В. говорила когда-то:

– Не кланяться после разрыва – это психология невоспитанных людей.

На Хармса теперь пошла мода. Вокруг говорят: «Заболоцкий, конечно... Но Хармс!..» Боятся проморгать его, как Хлебникова. Но он-то уже похож на Хлебникова. А проморгают опять кого-нибудь ни на кого не похожего.

Олейников говорит, что стихи Хармса имеют отношение к жизни, как заклинания. Что не следует ожидать от них другого.

Ахматова говорит о сборнике Пастернака: «Он там уговаривает жену не огорчаться по поводу того, что он ее бросил. И все это как-то неуверенно. И вообще, это еще недостаточно бысстыдно для того, чтобы стать предметом поэзии».

Юмор – это пространство, оставленное между словом и словом, между словом и вещью и заполняемое произвольно. Но есть иные способы сдвинуть действительность с насиженного места. У Толстого не было юмора. У него юмору равносильно недоверие к словам и предметам.

Брик не приемлет историко-литературные работы Шкловского («Левшин и Чулков» и проч.). Брик говорит: «Когда-то Витя вступил в неизвестную страну теории литературы и стал давать вещам имена. Получалось очень сильно. Но по истории нельзя ходить как по новой земле. И вещи там не нуждаются в назывании, так как имеют библиографию».

В профкоме писателей парнишка кричал: «У вас дают только тем, кто целый день здесь торчит, а кто сидят дома и раскидывают мозгами, как бы получше написать, – те ничего не получают».

Гриша говорит: вот замечательное определение творческого процесса.

1933

Мандельштам

Мандельштам читал у Анны Андреевны «Разговор о Данте». Мандельштам невысок, тощий, с узким лбом, небольшим изогнутым носом, с острой нижней частью лица в неряшливой почти седой бородке, с взглядом напряженным и как бы не видящим пустяков. Он говорит, поджимая беззубый рот, певуче, с неожиданной интонационной изысканностью русской речи. Он переполнен ритмами, как переполнен мыслями и прекрасными словами. Читая, он покачивается, шевелит руками; он с наслаждением дышит в такт словам – с физиологичностью корифея, за которым выступает пляшущий хор.

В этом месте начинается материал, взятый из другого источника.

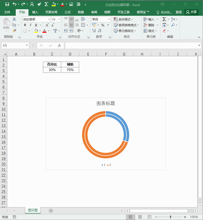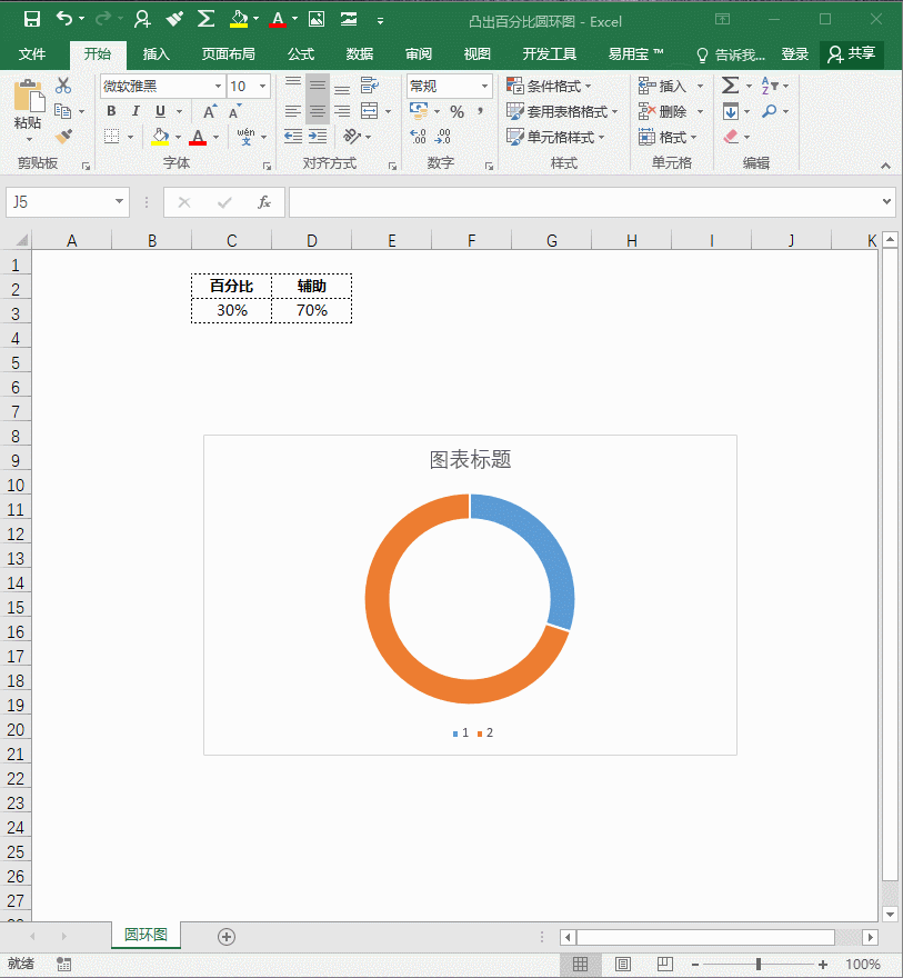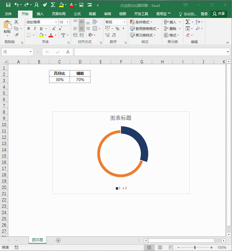 关于图表颜色,可以根据不同应用场景自定义填充,一张凸出圆环图就制作完成了。

Он ходит смешно, с слишком прямой спиной и как бы приподнимаясь на цыпочках.

Мандельштам слывет сумасшедшим и действительно кажется сумасшедшим среди людей, привыкших скрывать или подтасовывать свои импульсы. Для него, вероятно, не существует расстояния между импульсом и поступком, – расстояния, которое составляет сущность европейского уклада. А. А. говорит: «Осип – это ящик с сюрпризами». Должно быть, он очень разный. И в состоянии скандала, должно быть, он натуральнее. Но благолепный Мандельштам, каким он особенно старается быть у А. А., – нелеп. Ему не совладать с простейшими аксессуарами нашей цивилизации. Его воротничок и галстук – сами по себе. Что касается штанов, слишком коротких, из тонкой коричневой ткани в полоску, то таких штанов не бывает. Эту штуку жене выдали на платье.

Его бытовые жесты поразительно непрактичны. В странной вежливости его поклонов под прямым углом, в неумелом рукопожатии, захватывающем в горсточку ваши пальцы, в певучей нежности интонаций, когда он просит передать ему спичку, – какая-то ритмическая и веселая буффонада. Он располагает обыденным языком, немного богемным, немного вульгарным. Вроде того как во время чтения он, оглядываясь, спросил: «Не слишком быстро я тараторю?» Но стоит нажать на важную тему, и с силой распахиваются входы в высокую речь. Он взмахивает руками, его глаза выражают полную отрешенность от стула, и собеседника, и недоеденного бутерброда на блюдце. Он говорит словами своих стихов: косноязычно (с мычанием, со словцом «этого...», беспрерывно пересекающим речь), грандиозно, бесстыдно. Не забывая все-таки хитрить и шутить.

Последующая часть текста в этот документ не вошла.